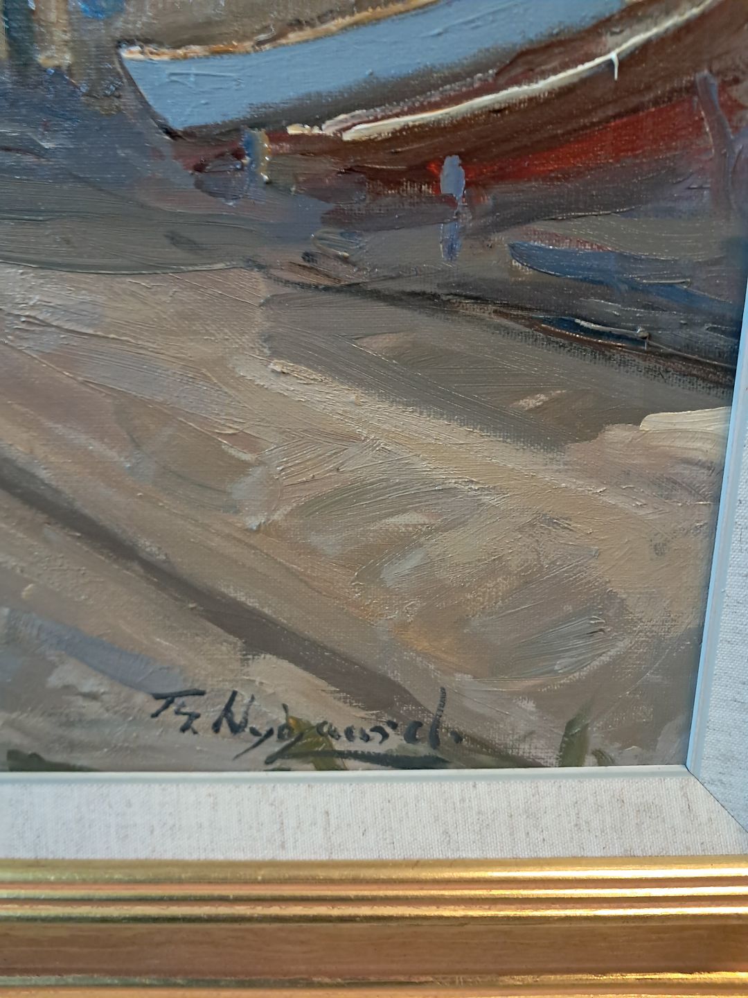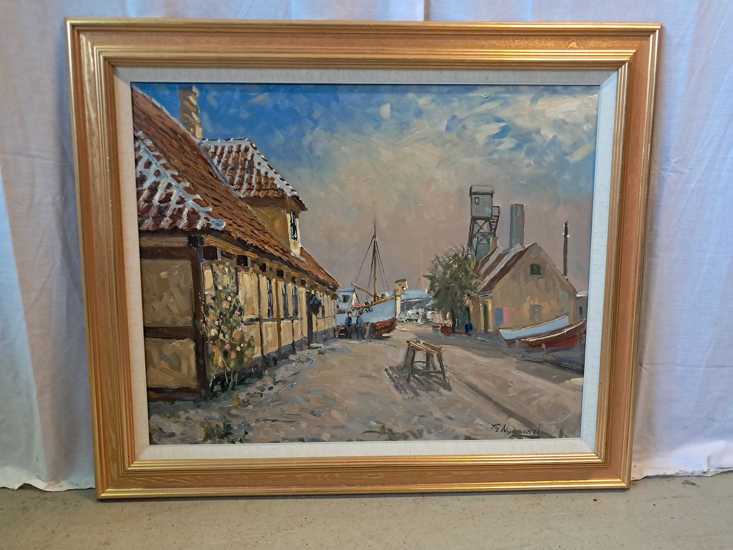 Maleri af Dragør Havn i guldmalet ramme, af : Th. NygaardDet har brugsspor.
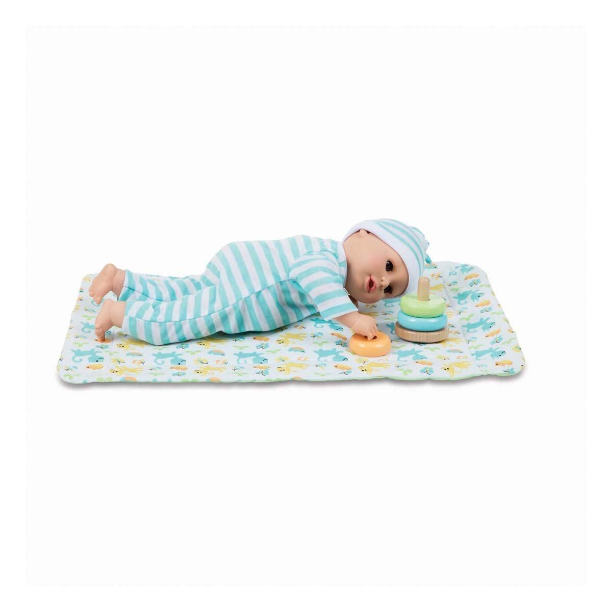 {"reviews":[],"offset":0,"limit":10,"total":0}"Full Description:\n17-piece diaper bag and realistic travel essentials sized just right for baby dolls and stuffed animals\n\nFeatures:\n\u003cul>\n\u003cli>Includes diaper (fits dolls up to 18 inches), changing mat\u003c/li>\n\u003cli>4 wipes in snap-shut container, washcloth, comb, sunscreen tube, baby bottle, squeeze snack pouch, two keys double-sided reusable activity card\u003c/li>\n\u003c/ul>\n\nSpecifications:\n\u003cul>\n\u003cli>13.5 x 10.7 x 3.5\u003c/li>\n\u003c/ul>\n"
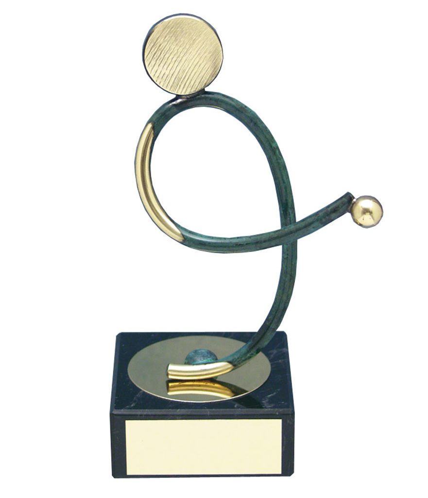 The Bilbao Petanque Trophy is an exclusive handmade metal award displaying an artistic bowls player in action. This is then mounted onto a high quality black marble base. The award is part of an exclusive collection of awards that are handmade in Barcelona, Spain. Each trophy is hand crafted from high quality metals, including brass, copper, nickel, pewter and steel and are set upon either wooden or marble bases.
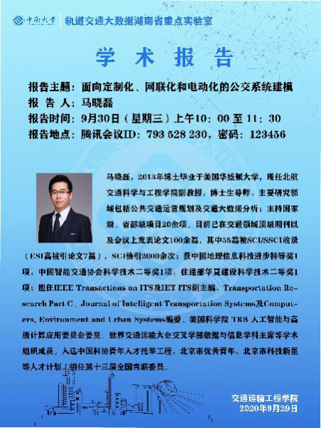 2020年9月30日上午10时,北京航空航天大学交通科学与工程公司马晓磊副教授接受bv伟德国际1946王璞教授邀请,于线上举办主题为“面向定制化、网联化和电动化的公交系统建模”的学术报告,公司陈维亚副经理,交通运输系徐光明...
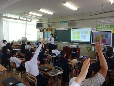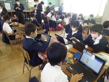 4年生が社会科「大阪府に伝わる祭りや行事」について取材した情報を、Jamboardに自身でまとめました。それをグループで見せ合い、効果的に伝えられるようなデジタルパンフレットに作り上げる話し合いをしていました。
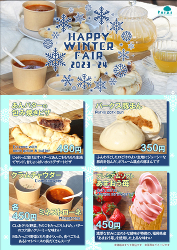 (公財)東京都公園協会が運営する都立公園内の飲食店では、2024年2月12日(月)まで「Happy Winter Fair」を実施中です。今しか食べられない、冷えた体がほっと温かくなるメニューをご用意しております。冬の澄んだ空気を感じながらの公園散策のお供として、ぜひ店舗をご利用ください。
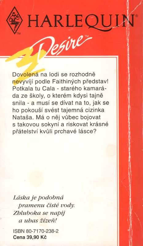 Harlequin Desire č. 109 K 01/95 | Dovolená na lodi se rozhodně nevyvíjí podle Faithiných představ! Potkala tu Cala - starého kamaráda ze školy, o kterém kdysi tajně snila - a musí se dívat na to, jak se ho pokouší svést tajemná cizinka Nataša. Má o něj vůbec bojovat s takovou sokyní a riskovat krásné přátelství kvůli prchavé lásce?
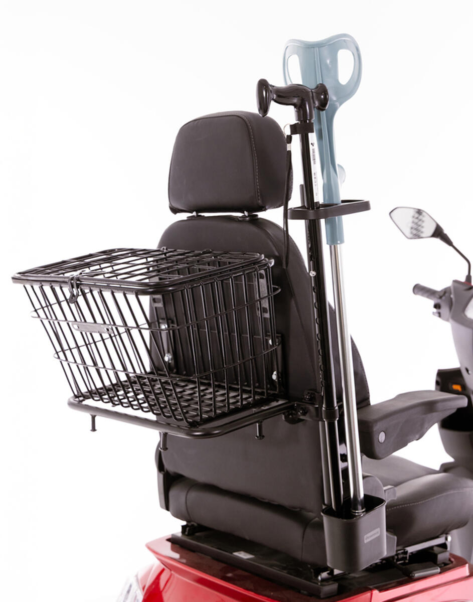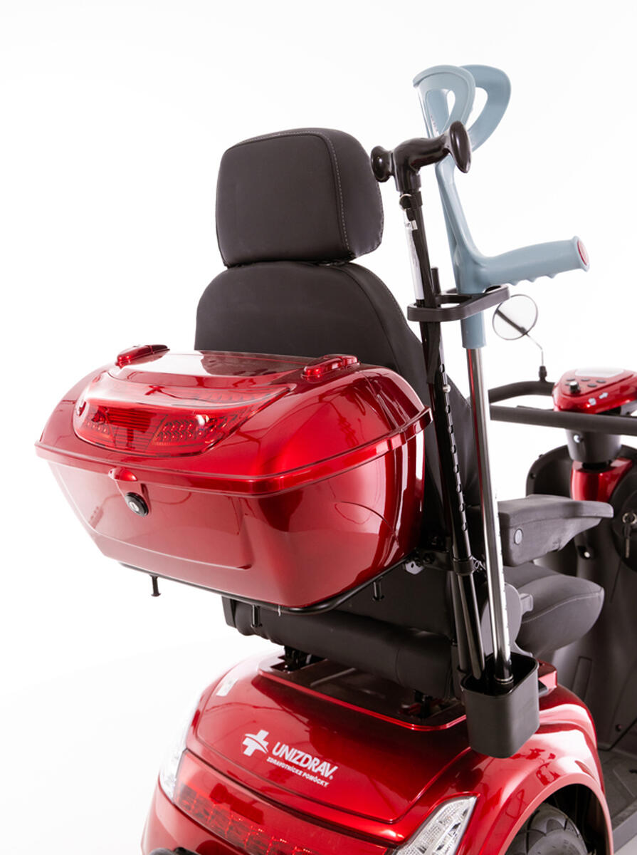 Suportul suplimentar pentru cârjă și baston a fost special conceput pentru anumite scutere electrice din gama noastră. Suportul vă permite să transportați în mod convenabil și sigur dispozitivele de suport, astfel încât acestea să nu interfereze cu mersul și să nu vă afecteze confortul.
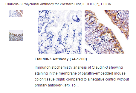 Claudin 1-8 proteins are a family of transmembrane proteins associated with tight junctions. Tight junctions are specialized regions of cell to cell contact; made up of a network of strands to act as a molecular gasket for preventing the leakage of ions, water etc. between cells. They are abundant in luminal epithelial sheets where they maintain epithelial cell polarity. Different tissues exhibit different claudin composition.

++++++++++

• TASK STATEMENT
Drop the pictures and give every line above again exactly.

• RESPONSE BOX
 Maleri af Dragør Havn i guldmalet ramme, af : Th. NygaardDet har brugsspor.
 {"reviews":[],"offset":0,"limit":10,"total":0}"Full Description:\n17-piece diaper bag and realistic travel essentials sized just right for baby dolls and stuffed animals\n\nFeatures:\n\u003cul>\n\u003cli>Includes diaper (fits dolls up to 18 inches), changing mat\u003c/li>\n\u003cli>4 wipes in snap-shut container, washcloth, comb, sunscreen tube, baby bottle, squeeze snack pouch, two keys double-sided reusable activity card\u003c/li>\n\u003c/ul>\n\nSpecifications:\n\u003cul>\n\u003cli>13.5 x 10.7 x 3.5\u003c/li>\n\u003c/ul>\n"
 The Bilbao Petanque Trophy is an exclusive handmade metal award displaying an artistic bowls player in action. This is then mounted onto a high quality black marble base. The award is part of an exclusive collection of awards that are handmade in Barcelona, Spain. Each trophy is hand crafted from high quality metals, including brass, copper, nickel, pewter and steel and are set upon either wooden or marble bases.
 2020年9月30日上午10时,北京航空航天大学交通科学与工程公司马晓磊副教授接受bv伟德国际1946王璞教授邀请,于线上举办主题为“面向定制化、网联化和电动化的公交系统建模”的学术报告,公司陈维亚副经理,交通运输系徐光明...
 4年生が社会科「大阪府に伝わる祭りや行事」について取材した情報を、Jamboardに自身でまとめました。それをグループで見せ合い、効果的に伝えられるようなデジタルパンフレットに作り上げる話し合いをしていました。
 (公財)東京都公園協会が運営する都立公園内の飲食店では、2024年2月12日(月)まで「Happy Winter Fair」を実施中です。今しか食べられない、冷えた体がほっと温かくなるメニューをご用意しております。冬の澄んだ空気を感じながらの公園散策のお供として、ぜひ店舗をご利用ください。
 Harlequin Desire č. 109 K 01/95 | Dovolená na lodi se rozhodně nevyvíjí podle Faithiných představ! Potkala tu Cala - starého kamaráda ze školy, o kterém kdysi tajně snila - a musí se dívat na to, jak se ho pokouší svést tajemná cizinka Nataša. Má o něj vůbec bojovat s takovou sokyní a riskovat krásné přátelství kvůli prchavé lásce?
 Suportul suplimentar pentru cârjă și baston a fost special conceput pentru anumite scutere electrice din gama noastră. Suportul vă permite să transportați în mod convenabil și sigur dispozitivele de suport, astfel încât acestea să nu interfereze cu mersul și să nu vă afecteze confortul.
 Claudin 1-8 proteins are a family of transmembrane proteins associated with tight junctions. Tight junctions are specialized regions of cell to cell contact; made up of a network of strands to act as a molecular gasket for preventing the leakage of ions, water etc. between cells. They are abundant in luminal epithelial sheets where they maintain epithelial cell polarity. Different tissues exhibit different claudin composition.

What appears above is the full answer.